Lorsque l’on circule dans la région Annemassienne on est frappé par la continuité du tissu urbain de trois des douze communes formant l’agglomération: Annemasse, Ville-la-Grand, Ambilly. C’est à l’évidence un même ensemble urbain qui se déploie, sans césure.

De cette unité géographique, on pourrait conclure à la nécessité d’une unité politique et administrative. Pourquoi donc devrait-il y avoir dans ce même espace trois collectivités distinctes, alors qu’une seule suffirait amplement ? La réponse est d’abord dans l’histoire, dans le développement de l’urbanisme au fil du temps qui a soudé ce qui autrefois était séparé par des champs. L’extinction de la ruralité et l’émergence de l’urbanité sont les phénomènes marquants des 50 dernières années, ici, aussi bien qu’ailleurs.

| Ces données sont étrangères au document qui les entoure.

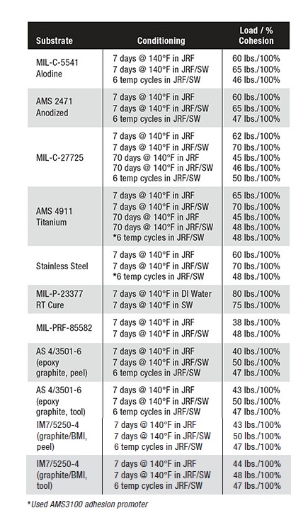 | Repairability2 | N/A 50 piw/100% Cohesive Failure |

Dans ce contexte la question politique se pose de savoir s’il faut poursuivre avec le schéma hérité du passé ou bien tirer les conclusions qui s’imposent éventuellement à l’examen de la réalité.

On peut hésiter, car il y a non seulement des pesanteurs, mais aussi un intérêt au maintien des communes.

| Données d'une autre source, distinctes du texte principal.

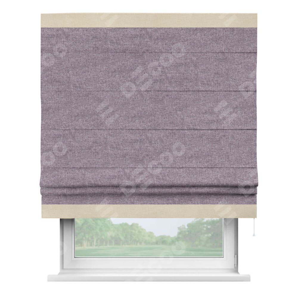 Римская штора пошита из ткани лён кашемир фиолетовый, артикул: 17211, с отделкой кантом «Горизонт» предлагает уникальное дизайнерское решение, при котором кант располагается только вверху и снизу шторы. Такое решение делает акцент на горизонтальных линиях, визуально расширяя пространство и придавая окну более строгий и организованный вид. Отделка кантом в этих ключевых местах не только украшает штору, но и способствует её долговечности, защищая наиболее уязвимые к износу края.

L’argument généralement mis en avant pour opérer les fusions est celui de la rationalisation des moyens. C’est un argument intéressant, mais essentiellement bureaucratique, et qui présuppose que la concentration des moyens serait toujours source d’économie. La résistance ne serait dans cette perspective qu’une nostalgie inutile.

Il faut pourtant hésiter devant cette logique qui oublie aussi que plus on concentre les moyens, plus on centralise, et moins on obtient de productivité. Car c’est un mythe de penser que les grandes organisations bureaucratiques sont plus performantes que la juxtaposition de petites structures. Il y a dans tout système du «bruit», c’est-à-dire une perte d’efficacité. L’exemple a souvent été donné dans les grandes organisations des services de photocopies. Sur le papier la concentration de toute la production des photocopies dans un seul service est toujours pensée plus productive que l’éparpillement des services dans chacune des divisions. Et dans la réalité le modèle ne fonctionne pas et le grand service concentré est moins productif que les petites unités séparées.

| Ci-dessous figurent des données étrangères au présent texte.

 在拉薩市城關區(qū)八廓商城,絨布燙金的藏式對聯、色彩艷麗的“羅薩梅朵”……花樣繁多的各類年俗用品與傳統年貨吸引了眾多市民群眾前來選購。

Comparaison n’est jamais raison, mais il est assez clair que la fusion des communes n’aboutira pas nécessairement à des économies d’échelle en terme de fonctionnement des services. À tout le moins, cela reste à démontrer.

La vraie rationalité de la fusion des communes est avant tout d’ordre politique. L’enjeu est au fond de permettre l’identification d’un espace. Dans le cas d’un continuum urbain, un seul nom, une seule commune peuvent parfaitement se défendre. Mais cela reste discutable. En tout cas cela doit passer nécessairement par le consentement des citoyens intéressés.

(Je vote contre ! – pour l’instant, mais je peux changer).